LDA Training Parameters

--threads - Number of threads to use. Default: 1.

--seed - Random seed for reproducibility. If not set or ≤0, a random seed will be generated.

--minibatch-size - Size of the minibatches to use during training. Default: 512.

--min-count-train - Minimum total count for a hexagon to be included in the training set. Default: 20.

--n-epochs - Number of epochs to train for. Default: 1.

--mean-change-tol - Tolerance for convergence in the e-step in terms of the mean absolute change in the topic proportions of a document. Default: 1e-3.

--max-iter - Maximum number of iterations for each document. Default: 100.

--kappa - Learning decay parameter for online LDA. Default: 0.7.

--tau0 - Learning offset parameter for online LDA. Default: 10.0.

--alpha - Document-topic prior. Default: 1/K (where K is the number of topics).

--eta - Topic-word prior. Default: 1/K (where K is the number of topics).

Model Initialization

--model-prior - File that contains the initial model matrix.

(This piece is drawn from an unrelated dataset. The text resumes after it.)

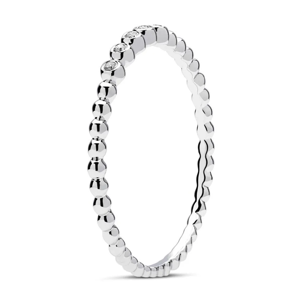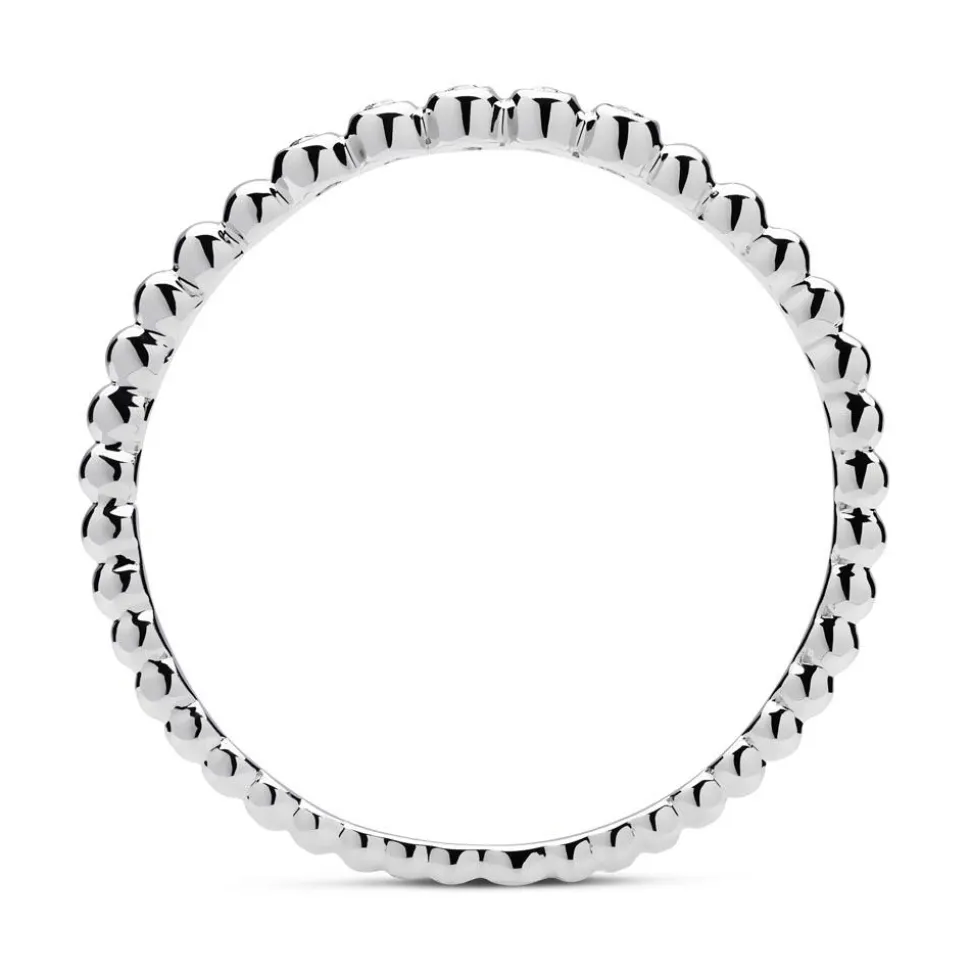 Memoire-Ringe sind ideal als Geschenk zu einem besonderen Anlass und einem bedeutungsvollen Jubiläum geeignet. Und dieser Ring besticht nicht nur durch sein symbolträchtiges Design, sondern auch durch die Hochwertigkeit der verwendeten Materialien. Das moderne Kugel-Design der Ringschiene aus rhodiniertem 750er Weißgold wird durch das Funkeln der 5 Diamanten (ca. 0,03 ct.; Farbe: G; Reinheit: SI) in Zargenfassung perfekt ergänzt. Durch sein zurückhaltendes Design kann der filigrane Ring solo getragen werden, lässt sich aber auch perfekt mit anderen Ringen kombinieren. Wir legen bei unserem Diamantschmuck nicht nur Wert auf eine exzellente Qualität, die bei jedem einzelnen Schmuckstück geprüft wird, sondern auch auf ethische Aspekte. Deshalb stammen unsere Diamanten ausschließlich aus konfliktfreien Quellen.

--prior-scale - Scale the initial model matrix uniformly by this value. Default: use the matrix as is.

--prior-scale-rel - Scale the initial model matrix relative to the total feature counts in the data.

Output Control

--transform - Transform the data to the LDA space after training. If set, an output file <prefix>.results.tsv will be created. For 10X input, identifiers are 0-based barcode indices in the order of the input barcodes.tsv.gz.

With --transform, the result table now includes two appended columns by default: - topK: topic label (column name) with maximum probability in that row. - topP: the corresponding maximum probability.

For custom-format input, the output header is: - #<header_info...>\t<topic columns...>\ttopK\ttopP

For 10X input, the output header is: - #barcode\t<topic columns...>\ttopK\ttopP

--append-topk - Explicitly request appending topK and topP columns in transform output. (Current behavior: --transform already enables this by default.)

--topk-colname - Column name for the top-topic label field. Default: topK.

--topp-colname - Column name for the top-topic probability field. Default: topP.

--drop-random-key - For custom-format input, drop random_key from carried-over prefix columns in <prefix>.results.tsv when present in header_info. Default: off.

--projection-only - Transform the data using the prior model without further training. Implies --transform.

--sort-topics - Order the topics with decreasing abundance.

--verbose - Control the verbosity level of output messages.